嫦娥一号(CE1)卫星是中国发射的首颗探月卫星。嫦娥一号伽玛射线谱仪(CE1-GRS)是CE1卫星搭载的主要载荷之一,该谱仪的探测任务是从200公里的环月轨道上对月表进行为期一年的有效探测,以此获取月表物质类型和资源分布特征。CE1卫星按极地轨道绕月飞行,CE1-GRS被安放在卫星体内,尺寸为Φ118×78mm的CsI(Tl)主晶体位于仪器中央,周围是实现反符合功能的CsI(Tl)晶体。
虽然能够借鉴国外开展环月轨道伽玛射线能谱数据处理的研究方法,但不同的月球轨道伽玛射线测量实验所采用的探测器类型、伽玛谱仪的结构、性能,以及测量条件、参数等方面迥异,从而使获取的月球伽玛能谱特征也存在差异。本文利用CE1-GRS获取的月球伽玛能谱的3级和2C级数据,开展了CE1-GRS数据处理的相关技术方法研究和月表元素含量反演与填图的试验研究;初步完成了月表天然放射性元素U、Th、K的含量填图。得出的主要结论如下:
⑴针对CE1-GRS的3级数据难以从谱形特征直接进行定性分析的问题,提出了基于奇异值分解的谱线定性分析方法对CE1-GRS谱线进行定性分析。分析结果表明,该方法能够识别出U、Th、K、Fe、Ti、Si、O、Al、Mg和Ca等10种元素。
⑵针对各5o×5o月表区域平均伽玛谱线存在高本底弱特征峰的问题,提出采用基于迭代思想的本底估计方法对散射本底进行估计。结果表明,该方法能够近似估计出谱线中的散射本底数据,从本底扣除后的谱线中能够有效地提取出弱峰信息,有利于对谱线进行定性定量分析。
⑶针对各5o×5o月表区域平均伽玛谱线中,统计涨落现象仍然明显的问题,提出了将航空伽玛能谱数据降噪处理的噪声调整的奇异值分解(NASVD)方法用于对月球伽玛能谱数据集进行降噪处理,实验结果表明,其降噪效果明显优于传统的谱线降噪方法,从而提高了求解元素特征峰面积计数的精度。

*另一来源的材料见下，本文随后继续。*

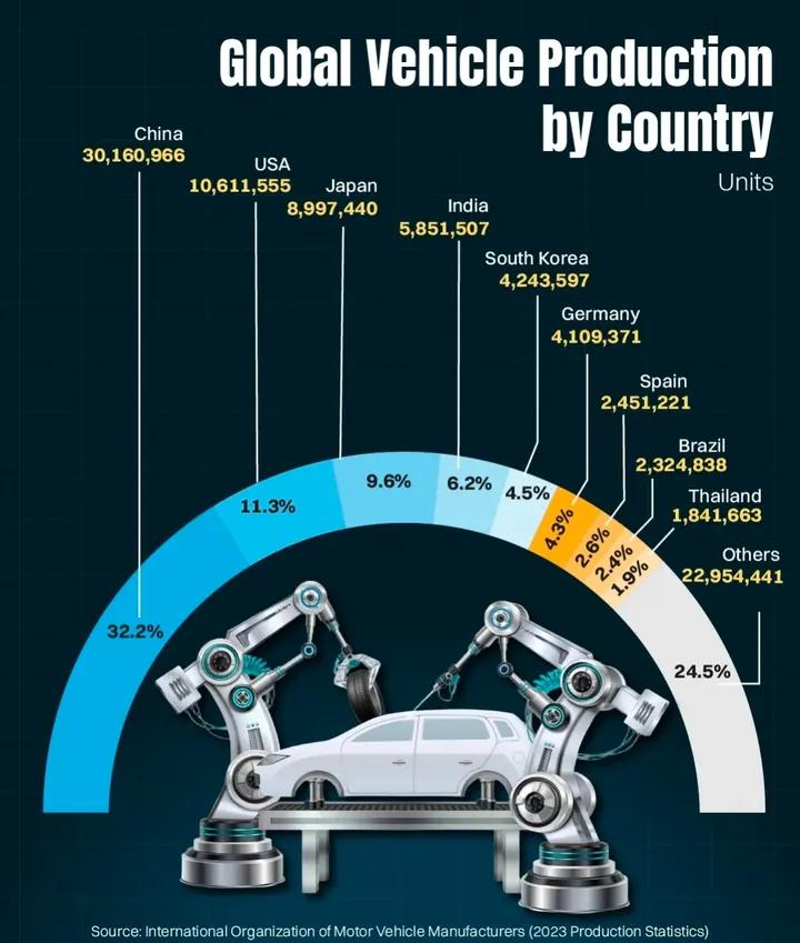 🌍 Semiconductor Manufacturing by Country (2025) 🚀 🇹🇼 Taiwan: Leads with 50% of global chip production; TSMC exports $150B (2022). 🇰🇷 South Korea: $130B exports; top in memory chips (Samsung, SK Hynix). 🇺🇸 USA: 12% manufacturing capacity; le

⑷提出了CE1-GRS的2C级数据处理的流程与方法,采用月表天然放射性元素(U、Th、K)含量反演模型,获得了月表天然放射性元素的全月含量分布图。对CE1-GRS第一正飞期2C级谱线数据进行了数据筛选、宇宙射线校正、能谱累计、能谱降噪处理、本底估计及扣除。在散射本底扣除后的谱线中,能够识别出U、Th、K、Fe、Mg、Si、Al和O八种元素。采用能窗峰面积求和法、高斯拟合峰面积求和法,提取出了Th、K元素的特征峰面积计数。
由于CE1-GRS的能量分辨率不够高,在伽玛谱线中,U的0.609MeV伽玛射线、Th的0.583MeV伽玛射线以及由电子对效应产生的0.511MeV伽玛射线的计数贡献构成了一个重峰。为了求解U元素的0.609MeV伽玛射线计数值,采用“相对定标本底扣除法”近似估计出包括湮没辐射峰0.511MeV在内的本底计数贡献,通过Th的2.615MeV与0.583MeV的衰变比例确定出0.583MeV伽玛射线的计数贡献,从而计算出了重峰区中U的0.609MeV特征伽玛射线计数值。利用月表天然放射性元素含量反演模型获取U、Th、K元素含量,绘制出这三种元素的全月含量分布图,并对元素含量反演结果的不确定性进行了初步分析。
⑸利用所获取的月表天然放射性元素分布图,初步分析U、Th、K元素的分布特征为:月表U、Th、K元素之间具有高度相关性,三种天然放射性元素的主要分布特征基本一致。U、Th、K含量高的区域主要集中在月球正面的西部月海区及其附近;而含量次之的区域位于南极爱特肯盆地内。在月球背面,天然放射性元素含量普遍表现为低值特征。
Determining the chemical composition and distrubtuion features of the lunar surface can offer important clues to its origin and evolution. Gamma-rays are emitted by the interactions of cosmic ray with lunar surface materials, and the decay of natural radioactive elements (U, Th, K). Gamma-rays produced in the top few tens of centimeters of the lunar surface can be detected by gamma-ray spectrometer from lunar orbit with little atmosphere. A number of elements in the lunar surface and their abundances can be determined by measuring the energies and the intensities of the characteristic gamma-ray line emissions of specific elements.
The Chang’e-1 (CE1) gamma-ray spectrometer (GRS) is one of the Chang’e-1 orbiter’s uploads. For acquiring global maps of elemental composition of the moon, the task of CE1-GRS is to carry out lunar orbital gamma-ray measurements from 200 km orbital altitude and a polar orbit during one year of the mission. The CE1-GRS mounted inside the spacecraft, consists of an 118×78mm CsI (Tl) scintillator placed within an anticoincidence shield (ACS) of CsI (Tl) scintillator.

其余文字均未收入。